Announcement

Collapse
No announcement yet.

Glibc Adds Arm SVE-Optimized Memory Copy - Can "Significantly" Help Performance

Collapse
X
 
  • Filter
  • Time
  • Show
Clear All
new posts

  • #11
    Originally posted by carewolf View Post
    No, I mean this code the story is about. It operates on 32 bytes at a time aka 256bits, so it won't run faster on a 512bit implementation (well at least according to this summary).
    Oh, right. The patch does call it an initial implementation, leaving open the possibility for further improvements.

    Realistically, the A64FX is the only 512-bit implementation of which I'm aware. So, it's not currently very consequential to support no larger than 256-bit.
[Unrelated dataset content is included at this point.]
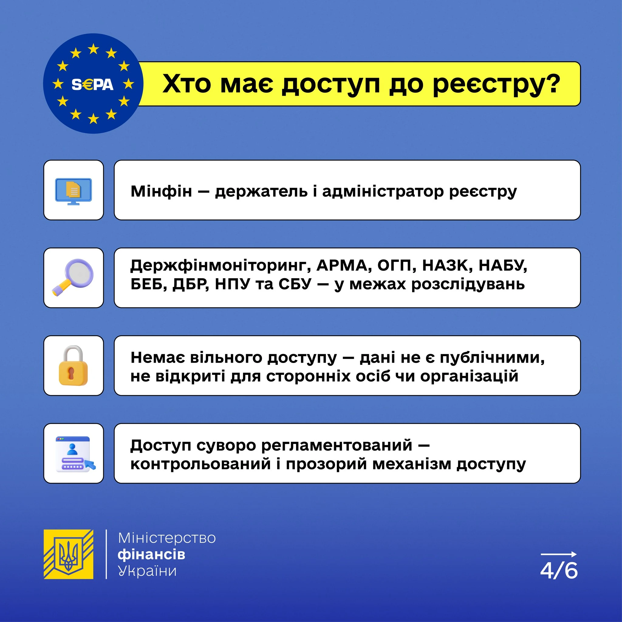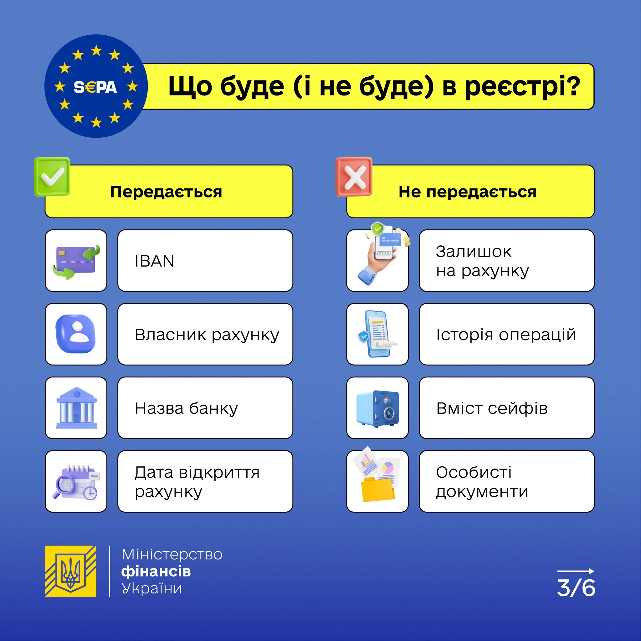 - створюється реєстр рахунків і сейфів, але у ньому збиратимуться тільки IBAN, ваше ім’я та банк, без деталей про суми чи рух коштів;

Also, perhaps there's a point of diminishing returns that 256-bit already exceeds, though 512-bit is a typical cacheline size.

    Comment


    • #12
      Originally posted by coder View Post
      I disagree. You & Linus aren't thinking hard enough about the practical realities of software, on such a system. What's going to happen is that software will spawn too many threads, they'll get faulted off of the weak cores, and will simply contend for time on the more capable cores.

      Often, apps are ignorant of what ISA extensions the libraries they're using even employ. So, putting the burden on the app developer to manage threads and affinities based on core capabilities is unreasonable and unrealistic.
      Maybe, maybe not. Linux distros being source based there is the potential for clever solutions. Libraries generally have multiple paths and fallback, and you could use namespace mechanism as a sort of LD_PRELOAD so that libraries know which path to pick in a way transparent to the app. Maybe you don't even open up the option until an app has high CPU demand.

      In any case, while I believe you that making it work well would be tricky, I also believe that at least a few would find it worth the trouble.

      Comment


      • #13
        Originally posted by WorBlux View Post
        there is the potential for clever solutions. Libraries generally have multiple paths and fallback, and you could use namespace mechanism as a sort of LD_PRELOAD so that libraries know which path to pick in a way transparent to the app.
        That's a nice idea, but the problem with a core-specific dispatch mechanism is that once a thread starts executing on a more capable core, it's basically bound to them. Because, when it gets prempted, it could have some intermediate state that involves the ISA-specific extensions not available by the smaller cores. It might be feasible for the OS to track which address ranges correspond to which ISA levels, so it could know when it might be safe to migrate a thread to a core of a lower class.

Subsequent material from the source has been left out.